EXERCISE DATA:
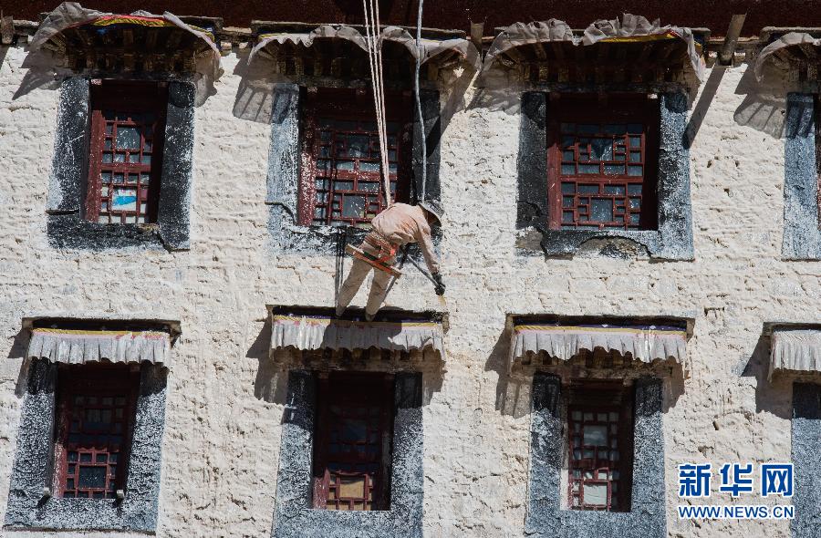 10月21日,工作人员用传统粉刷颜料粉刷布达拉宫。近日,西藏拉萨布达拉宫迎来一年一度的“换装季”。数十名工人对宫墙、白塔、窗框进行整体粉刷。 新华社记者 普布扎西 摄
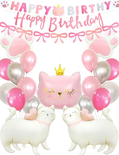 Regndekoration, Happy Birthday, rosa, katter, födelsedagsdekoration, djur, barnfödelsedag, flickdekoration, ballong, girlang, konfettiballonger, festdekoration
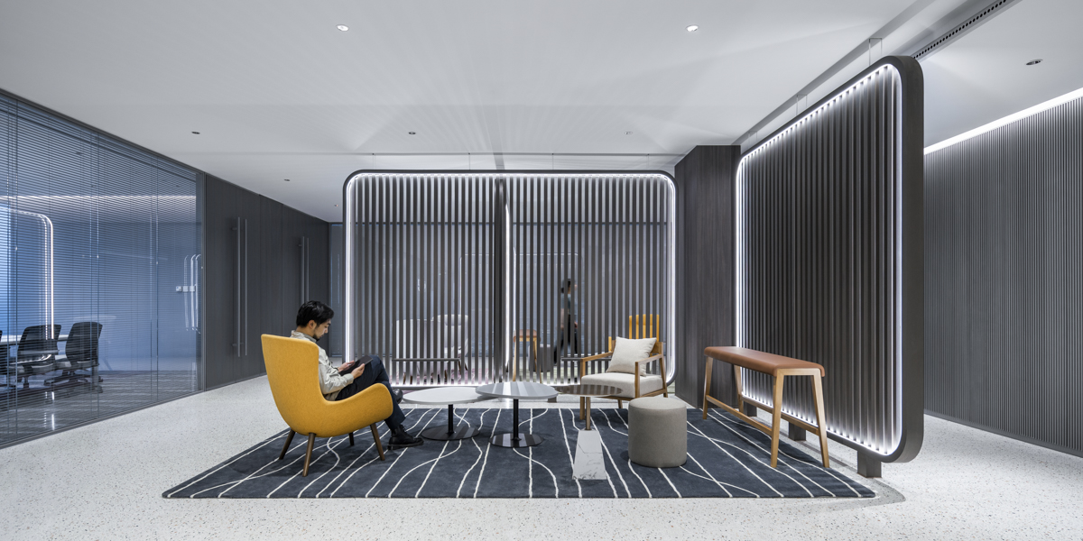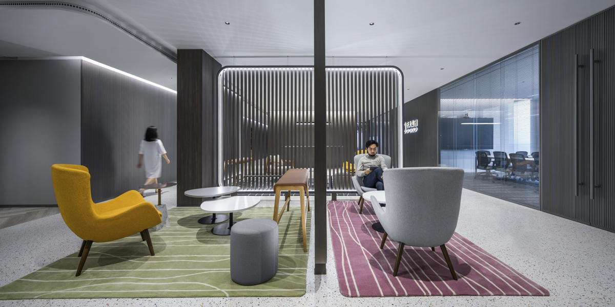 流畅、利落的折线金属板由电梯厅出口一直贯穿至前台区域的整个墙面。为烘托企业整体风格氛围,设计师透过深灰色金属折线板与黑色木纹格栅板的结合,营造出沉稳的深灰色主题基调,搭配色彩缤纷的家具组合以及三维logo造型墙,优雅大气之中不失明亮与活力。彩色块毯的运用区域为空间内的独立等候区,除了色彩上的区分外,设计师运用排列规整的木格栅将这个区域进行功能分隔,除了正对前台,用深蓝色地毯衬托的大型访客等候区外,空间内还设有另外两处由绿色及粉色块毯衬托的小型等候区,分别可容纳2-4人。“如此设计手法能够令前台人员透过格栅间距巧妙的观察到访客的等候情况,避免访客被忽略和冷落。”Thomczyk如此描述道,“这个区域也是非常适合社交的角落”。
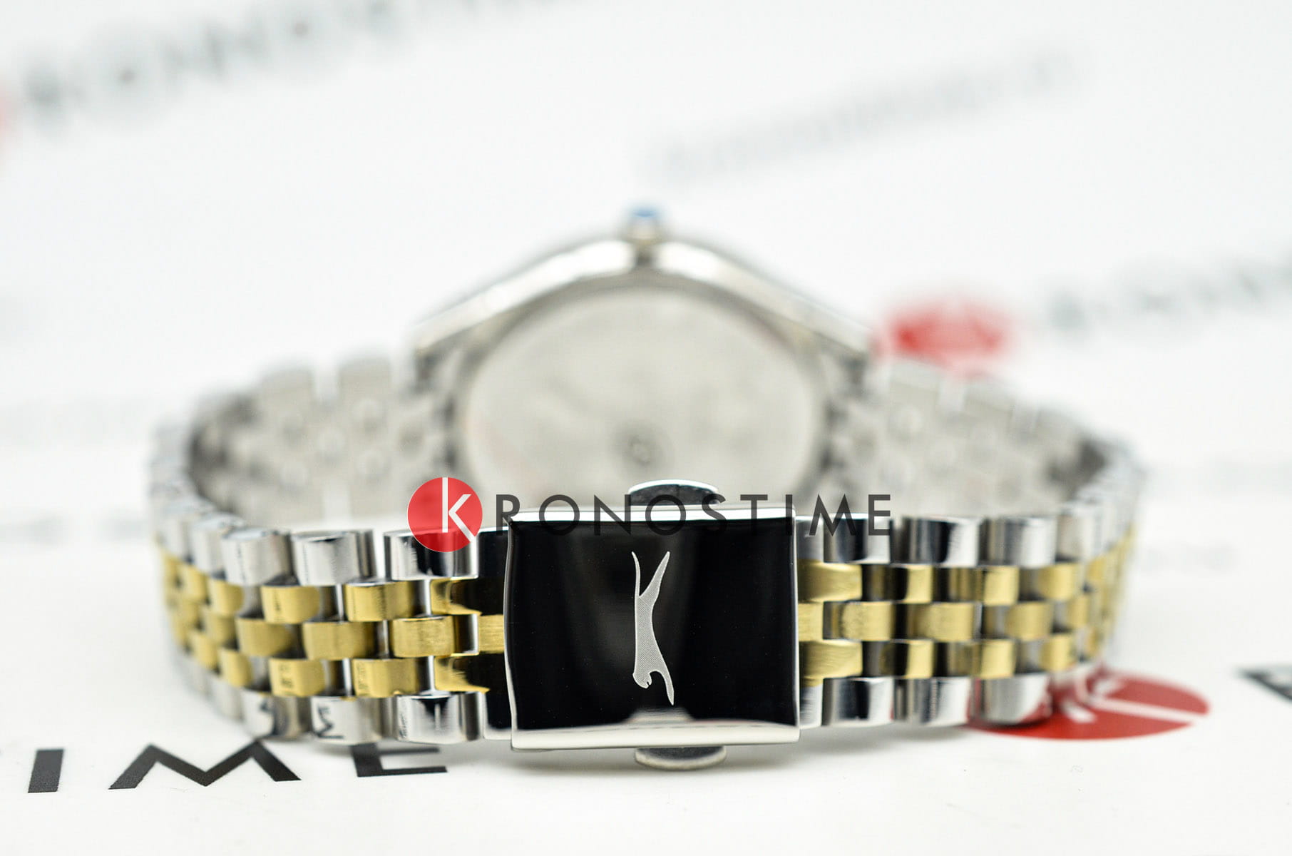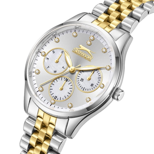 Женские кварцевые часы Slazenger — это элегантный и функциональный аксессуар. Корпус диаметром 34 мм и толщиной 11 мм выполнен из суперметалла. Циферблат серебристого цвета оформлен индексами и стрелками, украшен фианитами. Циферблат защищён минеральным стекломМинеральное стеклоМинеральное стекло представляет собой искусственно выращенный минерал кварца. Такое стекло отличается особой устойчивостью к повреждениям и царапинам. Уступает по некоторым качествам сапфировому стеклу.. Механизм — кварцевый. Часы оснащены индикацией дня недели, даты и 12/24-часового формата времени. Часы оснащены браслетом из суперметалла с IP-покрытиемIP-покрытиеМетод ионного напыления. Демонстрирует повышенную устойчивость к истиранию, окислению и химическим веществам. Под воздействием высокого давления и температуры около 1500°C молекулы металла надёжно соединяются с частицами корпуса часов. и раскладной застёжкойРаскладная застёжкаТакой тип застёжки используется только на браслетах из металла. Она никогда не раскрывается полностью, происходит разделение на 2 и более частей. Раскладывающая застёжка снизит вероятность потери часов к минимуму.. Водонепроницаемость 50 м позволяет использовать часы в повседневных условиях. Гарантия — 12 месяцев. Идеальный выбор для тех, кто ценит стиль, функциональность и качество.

TASK: Here the job is to print the data above exactly, except for any pictures.

EXPECTED ANSWER:
 10月21日,工作人员用传统粉刷颜料粉刷布达拉宫。近日,西藏拉萨布达拉宫迎来一年一度的“换装季”。数十名工人对宫墙、白塔、窗框进行整体粉刷。 新华社记者 普布扎西 摄
 Regndekoration, Happy Birthday, rosa, katter, födelsedagsdekoration, djur, barnfödelsedag, flickdekoration, ballong, girlang, konfettiballonger, festdekoration
 流畅、利落的折线金属板由电梯厅出口一直贯穿至前台区域的整个墙面。为烘托企业整体风格氛围,设计师透过深灰色金属折线板与黑色木纹格栅板的结合,营造出沉稳的深灰色主题基调,搭配色彩缤纷的家具组合以及三维logo造型墙,优雅大气之中不失明亮与活力。彩色块毯的运用区域为空间内的独立等候区,除了色彩上的区分外,设计师运用排列规整的木格栅将这个区域进行功能分隔,除了正对前台,用深蓝色地毯衬托的大型访客等候区外,空间内还设有另外两处由绿色及粉色块毯衬托的小型等候区,分别可容纳2-4人。“如此设计手法能够令前台人员透过格栅间距巧妙的观察到访客的等候情况,避免访客被忽略和冷落。”Thomczyk如此描述道,“这个区域也是非常适合社交的角落”。
 Женские кварцевые часы Slazenger — это элегантный и функциональный аксессуар. Корпус диаметром 34 мм и толщиной 11 мм выполнен из суперметалла. Циферблат серебристого цвета оформлен индексами и стрелками, украшен фианитами. Циферблат защищён минеральным стекломМинеральное стеклоМинеральное стекло представляет собой искусственно выращенный минерал кварца. Такое стекло отличается особой устойчивостью к повреждениям и царапинам. Уступает по некоторым качествам сапфировому стеклу.. Механизм — кварцевый. Часы оснащены индикацией дня недели, даты и 12/24-часового формата времени. Часы оснащены браслетом из суперметалла с IP-покрытиемIP-покрытиеМетод ионного напыления. Демонстрирует повышенную устойчивость к истиранию, окислению и химическим веществам. Под воздействием высокого давления и температуры около 1500°C молекулы металла надёжно соединяются с частицами корпуса часов. и раскладной застёжкойРаскладная застёжкаТакой тип застёжки используется только на браслетах из металла. Она никогда не раскрывается полностью, происходит разделение на 2 и более частей. Раскладывающая застёжка снизит вероятность потери часов к минимуму.. Водонепроницаемость 50 м позволяет использовать часы в повседневных условиях. Гарантия — 12 месяцев. Идеальный выбор для тех, кто ценит стиль, функциональность и качество.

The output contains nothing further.